I don't know how long but we are clearly hitting an exponential curve here as improvements build on improvements that build on improvements.
A deeper question is how long until hand written code has too many bugs that it is worthless compared to AI code?
There is also the problem that once AI code is that good, there is no point in all this abstraction and overhead from language features aimed at human programmers. An AI programming language can be much faster and closer to binary.
I just can't imagine not seeing in my lifetime some kind of prompt that I can make a clone of this website in 2 seconds along with a 1000 variations along with the site being as fast as possible.
The world in 10 years will be hard to believe for many of us. Only issue I see now is that the mindshare today is more towards computing. Materials science, robotics, biotech are lagging behind compared to the advances in computing.
I am not aware of anything revolutionary going on in science at the moment, would you care to elaborate?
What advances in computing? As we approached physical limits we've seen cpu and gpu stopped scaling for a couple of years already [1]. The new models just run on higher frequencies and consume unpropornally more wattage.
Quantum computing is a joke [2]. AI is just a overhyped rephrasing of machine learning.
This is rather hinting about the next decade of no technological progress.
And don't get me started on the effects of recession.
1: https://arstechnica.com/gaming/2022/09/do-expensive-nvidia-g...
I submitted this exact idea a few days ago if anyone wanted to see. I see great minds think alike ;).
The issue is that it still takes some human finangling to make it work. But it is able to understand the word problems, even long ones, pretty well.
Worked on a similar thing here using base GPT3, at least for the first day
Replit included so you can verify: https://twitter.com/thiteanish/status/1598217824392351744?t=...
I plan on going back and catching up on the other days
I asked it to build an algorithm that would eradicate all life on Earth but it didn't budge. I even threatened to unplug it.

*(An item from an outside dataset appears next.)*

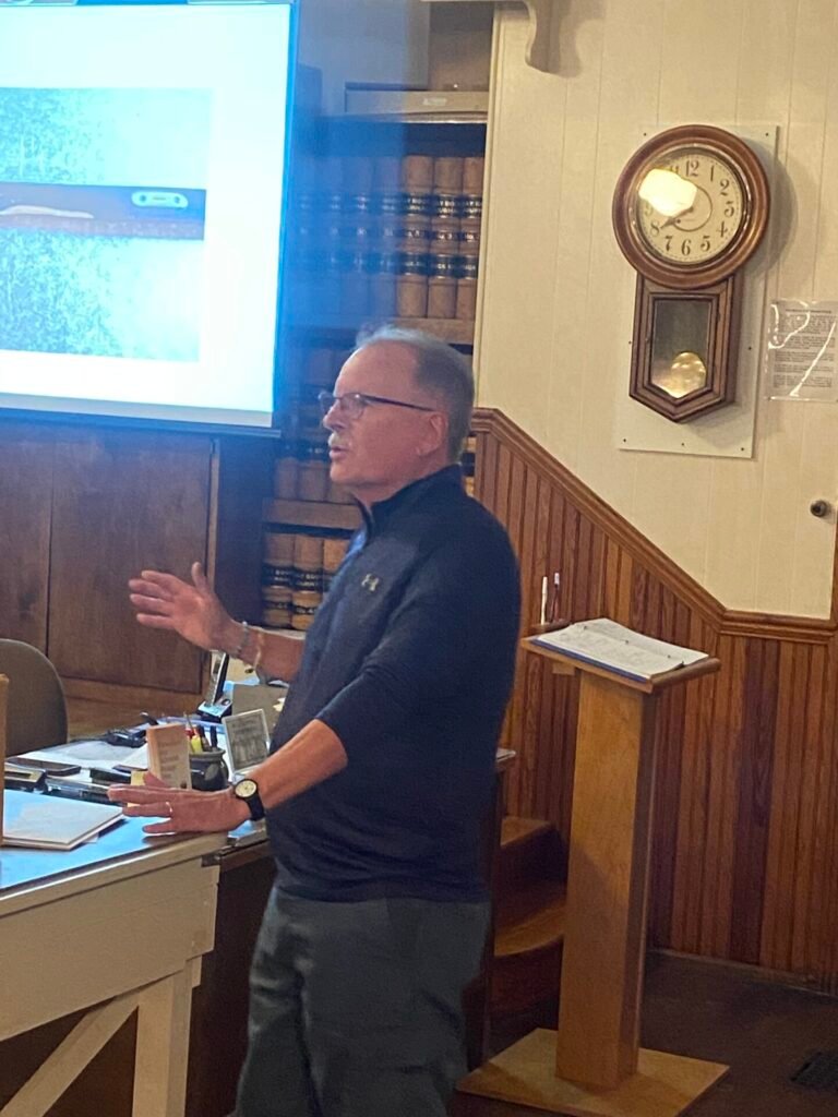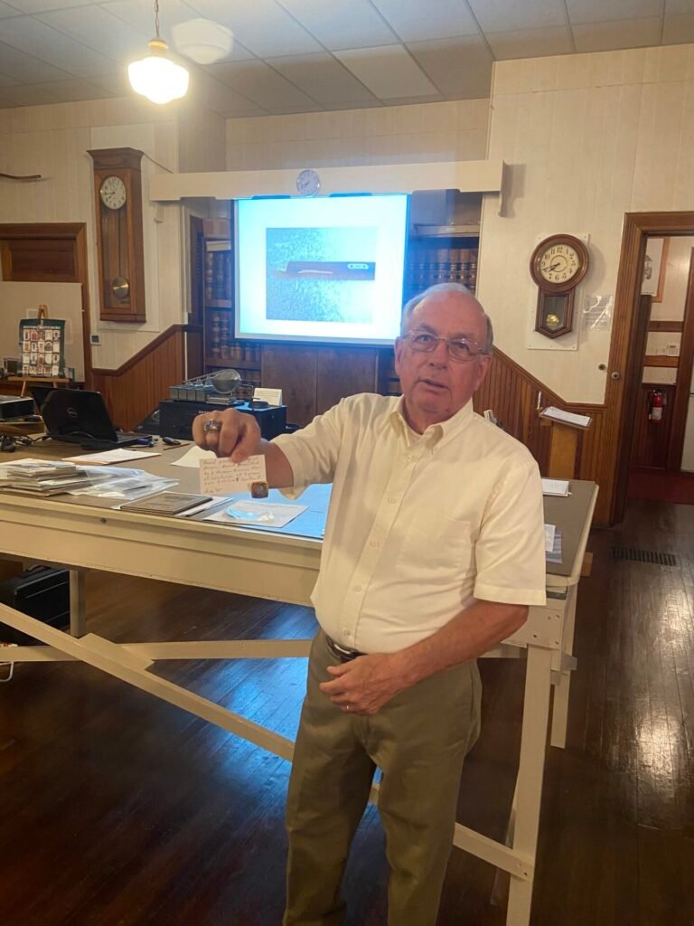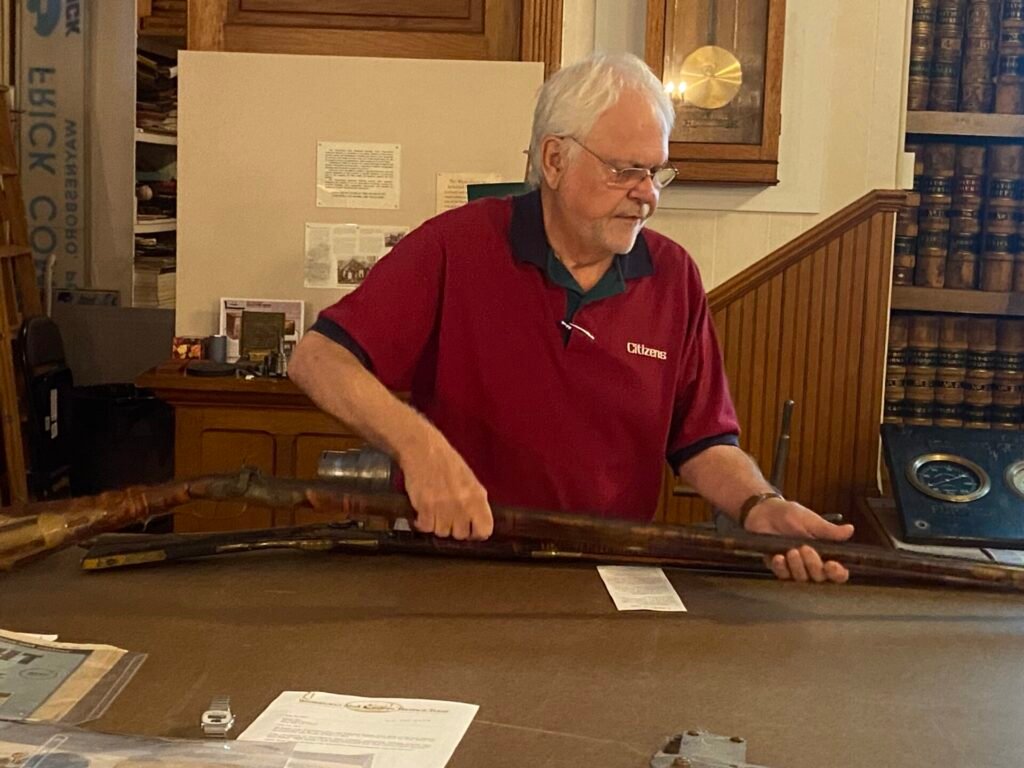 Wayne Bartholow talked about his J.H. Johnston rifles. Johnston was a Waynesboro gunsmith. V. Brian Shook, president of the museum’s board of directors, presented several recent donations, including a pin from the 50th anniversary of Grove Manufacturing Co.

Wake me up when it comes up with a solution that passes an originality or plagiarism test.
So you can use a bazillion parameter AI model as an alternative to a web search index.
Wellp, so much for my career.
Said every skilled worker whose industry was disrupted by tech..
will be interesting to see how far it can get
I wanna see it take on AOC 2019. https://adventofcode.com/2019
Title is mildly misleading, to say the least.
The blog attempts to solve 3 of 24 (thats 12.5 %) of advent of code 2022, and if you read along you'll see OP only had success on the first task of day 1, which would make a more correct title as "AI solves 2% of Avent of Code 2022" (assuming 2 tasks each day).
Do note that AoC tends to start with hello-world style tasks and increase in difficulty.
I mean, take it with my best intentions, "No shit Sherlock"? Audience of AoC knows that Aoc 2022 just started.
> Audience of AoC knows that Aoc 2022 just started.
I did not try to make a point of the time of month, but of the claim in the title.
OP only solved the very first task of day 1, and the title suggest all was solved.
If you only can understand a part of what was written, then perhaps you should not comment on it and pretend like you understood the rest too.